Mais en essayant de vous échapper, vous faites une saisissante découverte.
Il n'y a pas d'issue et vous aussi êtes piégé à l'intérieur!
Vous êtes captifs comme tous les autres détenus.
Votre refus de pardonner, votre colère, et votre amertume vous ont aussi rendu captif.
Comme le serviteur dans l'histoire de Jésus qui avait été pardonné d'une grande dette, vous avez choisi de ne pas pardonner et vous avez été livré aux geôliers et aux bourreaux.
Votre liberté dépend maintenant de votre pardon.
En venir à cette conclusion, peut vous prendre du temps.
Nous voyons toutes sortes de dangers et de risques à pardonner les autres.
Alors nous nous trouvons des excuses pour ne pas le faire:
Par exemple, nous pensons que ce qu'ils ont fait était vraiment trop mauvais, qu'ils l'admettent ou pas.
Ils peuvent ne pas être désolés de ce qu'ils ont fait.
Ils peuvent se sentir parfaitement en droit d'agir comme ils le font et même aller tellement loin qu'ils vont vous blâmer pour cela.
Mais le pardon n'absout personne du blâme.
Cela n'efface pas leur casier judiciaire auprès de Dieu.
Cela vous dégage juste du souci de savoir comment punir cette personne.
Quand vous pardonnez à quelqu'un, vous libérez cette personne.
Vous la remettez à Dieu et vous pouvez compter sur lui pour s'occuper de cette personne à sa façon.
Vous vous épargnez la peine de devoir écrire le scénario d'autres disputes ou d'essayer d'avoir le dernier mot dans cette situation.

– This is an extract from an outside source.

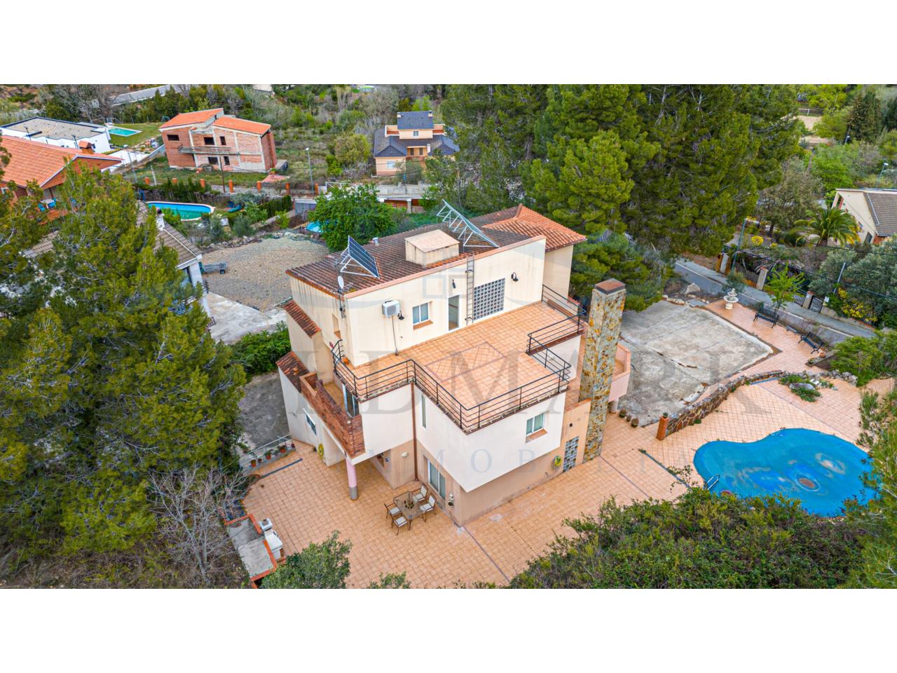 Casa 381 m2 solar 2.013 m2 5 habitaciones (2 suites, 2 dobles y 1 sencilla), 3 baños unos con jacuzzi, 1 aseo, amplio salón comedor con chimenea de 52m2, estudio abuhardillado, ascensor, cocina office con despensa, sótano, piscina, ventanas climalit, PLACAS SOLARES Y CALEFACCIÓN AEROTERMIA POR SUELO RADIANTE, (deducción 50% del IBI x 7 años), ósmosis, descalcificadora e hidrogeno, carpintería exterior de aluminio con doble acristalamiento, alarma total con inhibidores, barbacoa, 3 terrazas, cuarto de lavadero y plancha, 8 armarios empotrados, 2 trasteros, casa totalmente ADAPTADA para personas con MOVILIDAD REDUCIDA, Año 2.000 IBI 1.600€ VIVIENDA LISTA PARA ENTRAR A VIVIR

Il ne s'agit plus de gagner ou de perdre.
C'est plutôt une question d'être libre et de lâcher prise.
C'est pourquoi vous entendez souvent les personnes qui ont vraiment pardonné dire: "C'est comme un poids qui est parti de mes épaules".
Oui c'est exactement ça.
C'est comme une bouffée d'air frais qui envahit votre cœur.
L'obscurité confinée de la prison est désormais inondée de lumière et de fraîcheur.
Pour la première fois depuis longtemps vous vous sentez en paix.
Vous vous sentez libre.
Mais comment y parvenir?
Vous devez pour cela délaisser votre colère et la responsabilité de juger cette personne, au Seigneur.
Romains 12/19: "Ne vous vengez point vous-mêmes, bien-aimés, mais laissez agir la colère; car il est écrit: A moi la vengeance, à moi la rétribution, dit le Seigneur."
Comment savoir que vous l'avez fait?
Vous le savez quand la pensée de son nom ou la vue de son visage ne vous fait plus bouillir, mais que vous êtes désolé pour cette personne, que vous ressentez de la compassion pour elle et que vous espérez sincèrement qu'elle se repentira.
Il y a tellement de choses qui pourraient être dites et tellement de moyens dont vous auriez besoins pour vous sortir de là mais les bons mariages, comme les bonnes relations ne sont pas créées par des gens qui ne se sont jamais blessés mais seulement par des gens qui ont choisi de ne pas garder rancune.
1 Corinthiens 13/7: "L'amour excuse tout".
Le défi de la semaine:
Quoi que vous n'ayez pas pardonné à quelqu'un, choisissez de lui pardonner aujourd'hui. Réfléchissez à ce verset de Matthieu 6/12: " Pardonne-nous nos offenses, comme nous aussi nous pardonnons à ceux qui nous ont offensés."
Le fait de ne pas avoir pardonné vous a sûrement conduits en prison.
Choisissez de pardonner aujourd'hui, remettez tous vos griefs au Seigneur et prenez la clé qu'il vous tend pour vous libérer de votre cellule sombre et confinée.
Libérez tous ceux qui vous ont blessé et vous serez vous-même libre!
Dites du plus profond de votre cœur: "Je choisis de pardonner."